Question

A solution of$N{{a}_{2}}{{S}_{2}}{{O}_{3}}$ is standardised iodometrically by using ${{K}_{2}}C{{r}_{2}}{{O}_{7}}$. The equivalent weight of ${{K}_{2}}C{{r}_{2}}{{O}_{7}}$ in this method is:
A) mol.wt/2
B) mol.wt/6
C) mol.wt/3
D) equal to mol.wt.

Answer 1

Hint: The answer here is based on the concept of calculating equivalent weight based on the definition and the formula which is given by $Eq.Wt.=\dfrac{M}{n-factor}$ and by finding n- factor according to reaction gives you the required answer.
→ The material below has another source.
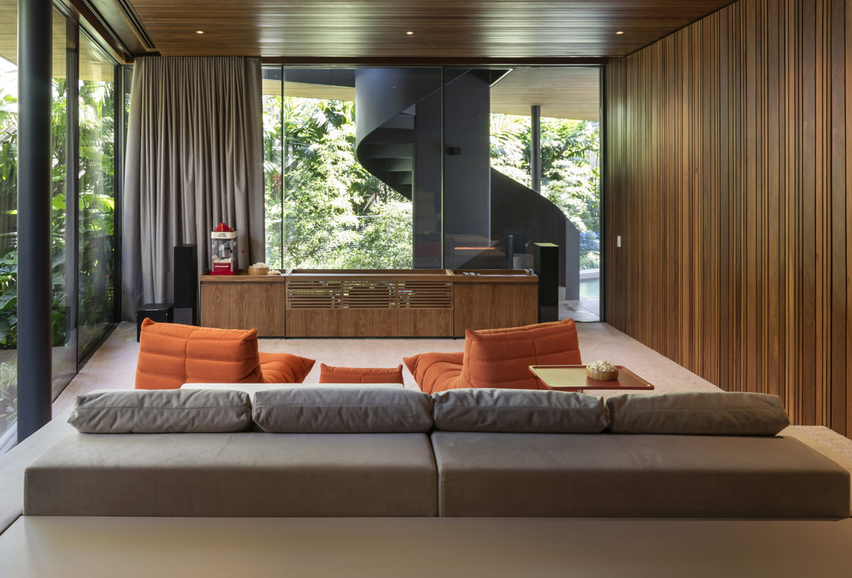Cerca, los residentes pueden disfrutar de este espacio de cine informal. Cada fila ascendente cuenta con un tipo de butaca diferente para adaptarse a las preferencias individuales de comodidad de los invitados.

Complete step – by – step solution:
We have come across the chapters in physical chemistry that is based on several measurement techniques like conductometry, potentiometry, iodometry etc.
- Now, let us see what does iodometry means and how is equivalent weight calculated in this technique.
- Iodometry or which is also known as iodimetric titration is a method of volumetric analysis where the appearance or disappearance of iodine indicates the end point and it is the redox reaction.
The reaction is as follows,
$26{{H}^{+}}+3{{S}_{2}}Ol3+4C{{r}_{2}}{{O}_{7}}^{2-}\to 6S{{O}_{4}}^{2-}+8C{{r}^{3+}}+13{{H}_{2}}O$
Here, in ${{K}_{2}}C{{r}_{2}}{{O}_{7}}(C{{r}_{2}}{{O}_{7}}^{2-})$, chromium is in +6 oxidation state and in the product it changes to +3 state.
Thus, there is net change of +3 in oxidation state.
Now, the net change in oxidation per formula is from $4C{{r}_{2}}{{O}_{7}}^{2-}$ to $8C{{r}^{3+}}$ is 2
Thus, net change for oxidation = $2\times 3=+6$
Thus, n-factor = +6
Now according to the formula of equivalent weight, $Eq.Wt.=\dfrac{M}{n-factor}$ where M is the molecular weight.
Substituting values, we have$Eq.Wt.=\dfrac{M}{6}$

Therefore, the correct answer is option B) mol.wt./6

Note: There are chances to be confused between iodometry and iodimetry. Here, iodometry involves indirect titration of the iodine that is liberated by the reaction with that of analyte and iodimetry involves direct titration using iodine itself as the titrant.